Description (last modified by Christopher Bailey)

The latest version of redis-py will support both sync and async clients so sync_to_async will no longer be necessary so it would be nice if the out of the box Redis cache backend supports both natively as well.

https://github.com/redis/redis-py/releases/tag/v4.2.0rc1

It may be a bit premature since 4.2.0 is still RC, but I wanted to get a ticket out there so it can be on someones radar.

Change History (20)

comment:1 by Mariusz Felisiak, 3 years ago

Cc: Andrew Chen Wang Andrew Godwin Carlton Gibson added
Triage Stage: UnreviewedAccepted

Tentatively accepted. Do you have an idea for implementation? As far as I'm aware this would require initializing two redis clients: async and non-async.
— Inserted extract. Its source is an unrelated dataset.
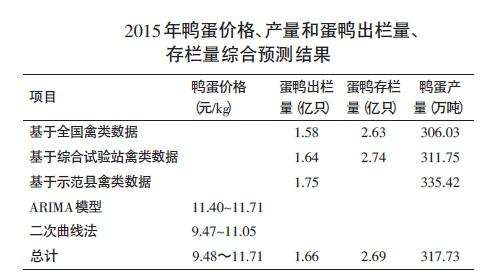 基于三種數(shù)據(jù)來源(全國禽類數(shù)據(jù)、12個蛋鴨主產(chǎn)省區(qū)禽類數(shù)據(jù)和示范縣禽類數(shù)據(jù))采用比例調(diào)整法對蛋鴨出欄量和鴨蛋產(chǎn)量進行了推算,預(yù)測出2015 年蛋鴨出欄量為1.66億只,與2013年相比增加20.29%,產(chǎn)蛋量為317.73萬噸,與2013年相比略有下降,下降幅度為5.92%;基于兩種數(shù)據(jù)來源(全國禽類數(shù)據(jù)、12個蛋鴨主產(chǎn)省份禽類數(shù)據(jù))對蛋鴨存欄量進行了預(yù)測,預(yù)測出2015年蛋鴨存欄量為2.69億只,與2013年相比增加39.38%;采取兩種方法(ARIMA模型和二次曲線法)對鴨蛋價格進行了預(yù)測,根據(jù)兩者預(yù)測結(jié)果匯總得出,2014年底至2015年初,每千克鴨蛋價格將維持在9.47元~11.71元之間,在節(jié)假日會有小幅上漲,與2013年相比基本無變化。
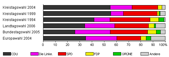 | Kreistagswahl 1999 | 50,6 | 55,4 | 10,3 | 27,6 | 1,5 | 1,1 | 4,0 | |

comment:2 by Mariusz Felisiak, 3 years ago

Triage Stage: AcceptedSomeday/Maybe

Let's wait for the final release first.

comment:3 by Andrew Chen Wang, 3 years ago

We are currently re-implementing the async client (one last time) in a way that allows for aioredis 1.3.1 performance. https://github.com/seandstewart/redis-py-sansio/blob/main/benchmark/conftest.py The RedisLab team will need to approve it first, so I would wait until our new client is either approved/denied https://github.com/redis/redis-py/issues/2039. This won't affect the non-async client as the non-async client will still default on the current redis-py interface with the option to also use the new API.

This isn't to say no one should try implementing the async client now; I have high confidence the new client will be merged in with Redis-py as we're gunning for the much-needed performance gain. Just don't be surprised if a few things shift around.

comment:4 by Christopher Bailey, 3 years ago

Description: modified (diff)

comment:5 by Christopher Bailey, 3 years ago

Description: modified (diff)

Do you have an idea for implementation? As far as I'm aware this would require initializing two redis clients: async and non-async.

I kind of started to implement it, but then realized it was likely going to be a bigger issue then I though. But there is already an abstract RedisClient class that is a wrapper around the base redis.Redis class. It maintains connection polls and handles all of the core commands. It has methods for get, set, add, touch, incr that just calls get_client and makes a new client using the existing connection pull any time it is called.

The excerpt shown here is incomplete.